Computes similarity between two objects using learnable feature bank and Tversky parameters (α, β, θ).
S_Ω,α,β,θ(a,b): ℝ^d × ℝ^d → ℝ
- __init__(in_features: int, num_features: int, alpha: float = 0.5, beta: float = 0.5, learnable_ab: bool = True, learnable_theta: bool = False, theta: float = 1e-07, intersection_reduction: IntersectionReduction | str = 'product', difference_reduction: DifferenceReduction | str = 'substractmatch', use_contrast_form: bool = False, feature_init: Literal['uniform', 'normal', 'xavier_uniform', 'xavier_normal'] = 'xavier_uniform')[source]¶
Initialize Tversky Similarity Layer.
- Parameters:
in_features – Dimension of input vectors
num_features – Number of features in feature bank (|Ω|)
alpha – Initial value for α parameter (weight for a’s distinctive features)
beta – Initial value for β parameter (weight for b’s distinctive features)
learnable_ab – Whether α and β are learnable parameters
learnable_theta – Whether θ is a learnable parameter (only for contrast form)

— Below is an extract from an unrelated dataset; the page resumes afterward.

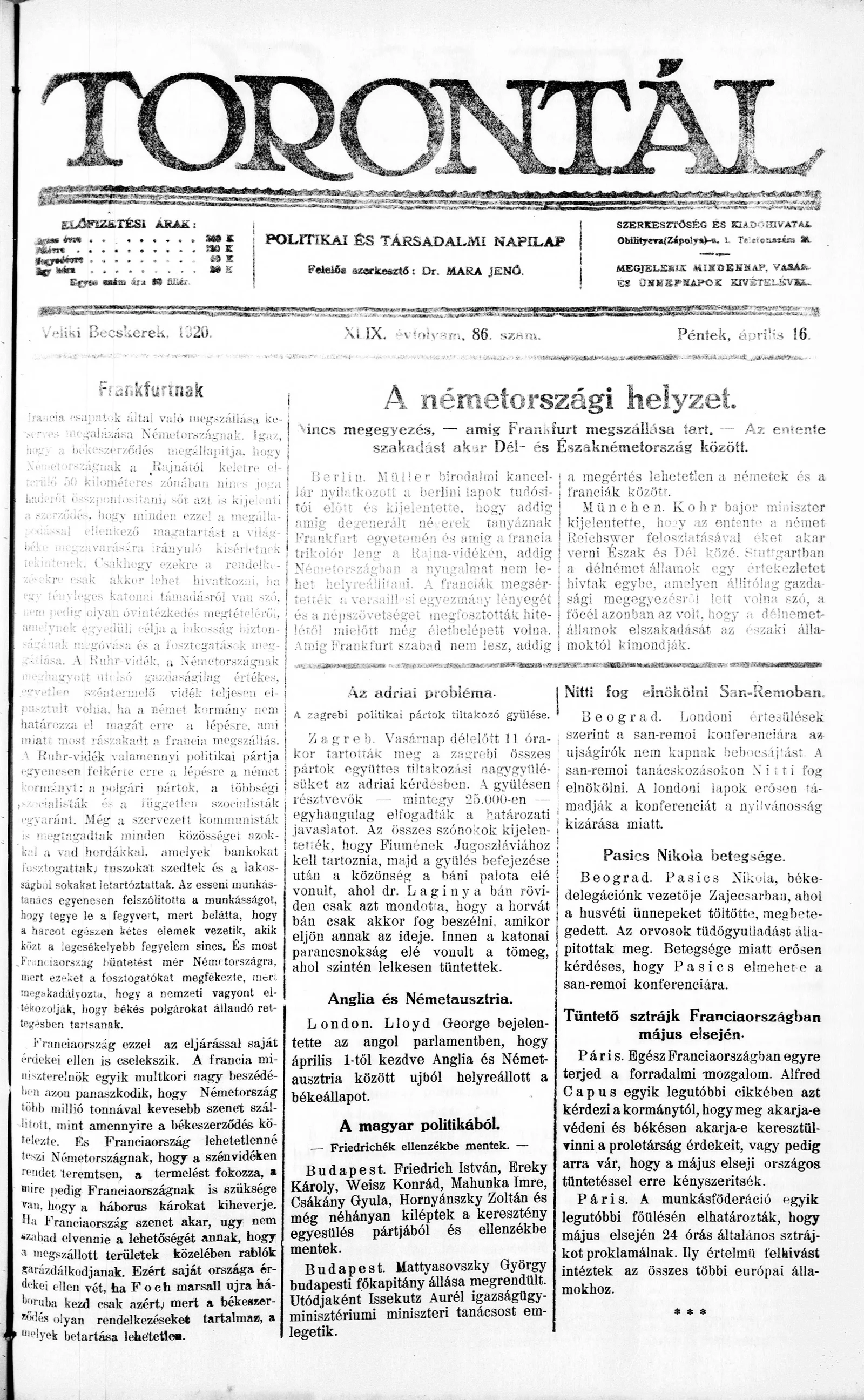 Torontál, 49. évf. 1920. április 16. 86. sz.

theta – Initial value or constant for numerical stability
intersection_reduction – Method for computing feature intersections
difference_reduction – Method for computing feature differences
use_contrast_form – Use linear combination instead of ratio form
feature_init – Initialization method for feature bank
Layer for computing element-wise similarity between pairs of objects.
Key Methods:
forward(a, b)- Compute similarity between object pairsreset_parameters()- Reinitialize parameters
Usage Examples¶
Basic Projection Layer¶
import torch
from verskyt.layers import TverskyProjectionLayer
# Create layer (replaces nn.Linear(128, 10))
layer = TverskyProjectionLayer(
in_features=128,
num_prototypes=10,
num_features=256,
learnable_ab=True
)
# Forward pass
x = torch.randn(32, 128)
similarities = layer(x) # shape: [32, 10]
Pairwise Similarity Layer¶
from verskyt.layers import TverskySimilarityLayer
# Create similarity layer
sim_layer = TverskySimilarityLayer(
in_features=64,
num_features=128,
learnable_ab=True
)
# Compute pairwise similarities
a = torch.randn(32, 64)
b = torch.randn(32, 64)
similarities = sim_layer(a, b) # shape: [32]
Parameter Access and Modification¶
layer = TverskyProjectionLayer(10, 5, 20)
# Access learned representations
prototypes = layer.prototypes.detach()
features = layer.feature_bank.detach()
# Modify specific prototype (for intervention studies)
new_prototype = torch.zeros(10)
layer.set_prototype(0, new_prototype)
# Access Tversky parameters
print(f"Alpha: {layer.alpha.item()}")
print(f"Beta: {layer.beta.item()}")